• TO DO: All of the lines below are to be transcribed faithfully, with pictures excluded from the copy.

• COLLECTED MATERIAL:
|---|
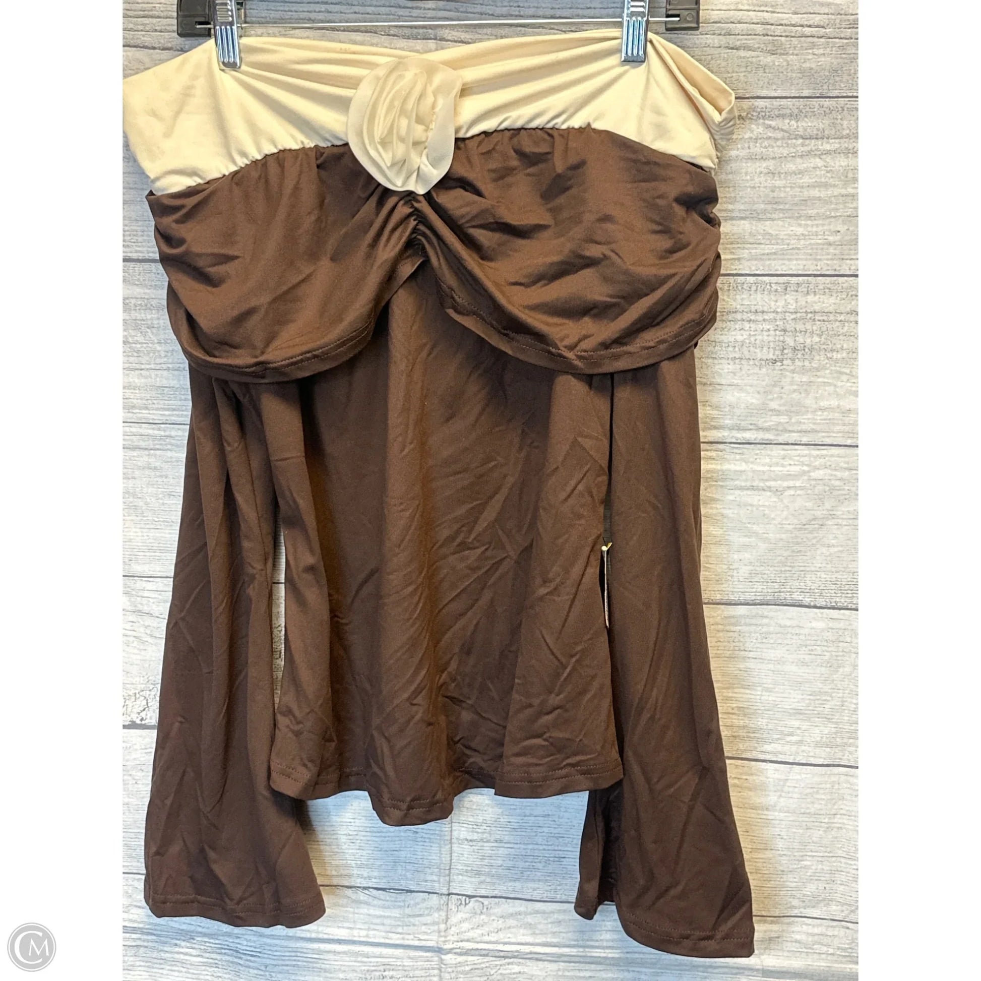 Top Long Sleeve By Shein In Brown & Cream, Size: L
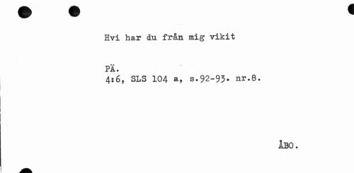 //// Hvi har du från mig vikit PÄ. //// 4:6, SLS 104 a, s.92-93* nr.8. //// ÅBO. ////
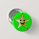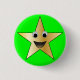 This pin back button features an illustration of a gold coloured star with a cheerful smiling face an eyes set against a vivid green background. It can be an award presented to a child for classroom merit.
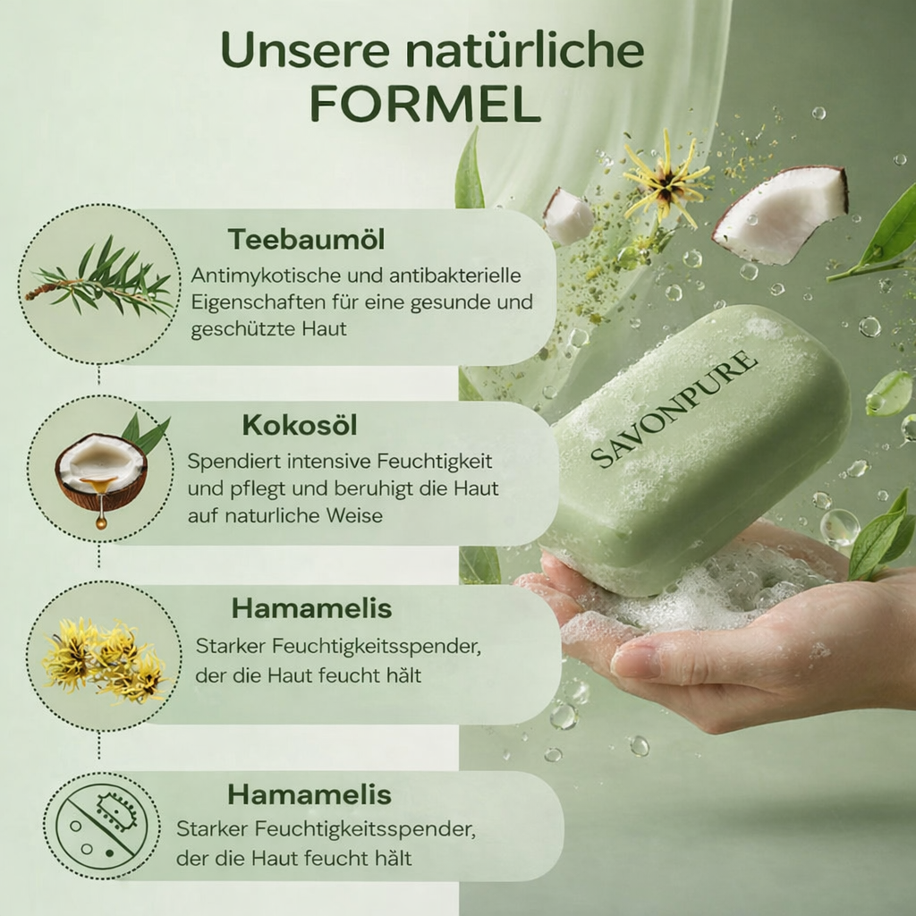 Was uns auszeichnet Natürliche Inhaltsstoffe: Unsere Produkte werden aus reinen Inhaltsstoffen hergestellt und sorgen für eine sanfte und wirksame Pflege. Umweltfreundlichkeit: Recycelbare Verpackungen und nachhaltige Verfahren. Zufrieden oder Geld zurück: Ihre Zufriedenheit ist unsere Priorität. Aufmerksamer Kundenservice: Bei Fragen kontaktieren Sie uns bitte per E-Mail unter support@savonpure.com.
|---|
• TASK ANSWER:
 Top Long Sleeve By Shein In Brown & Cream, Size: L
 //// Hvi har du från mig vikit PÄ. //// 4:6, SLS 104 a, s.92-93* nr.8. //// ÅBO. ////
 This pin back button features an illustration of a gold coloured star with a cheerful smiling face an eyes set against a vivid green background. It can be an award presented to a child for classroom merit.
 Was uns auszeichnet Natürliche Inhaltsstoffe: Unsere Produkte werden aus reinen Inhaltsstoffen hergestellt und sorgen für eine sanfte und wirksame Pflege. Umweltfreundlichkeit: Recycelbare Verpackungen und nachhaltige Verfahren. Zufrieden oder Geld zurück: Ihre Zufriedenheit ist unsere Priorität. Aufmerksamer Kundenservice: Bei Fragen kontaktieren Sie uns bitte per E-Mail unter support@savonpure.com.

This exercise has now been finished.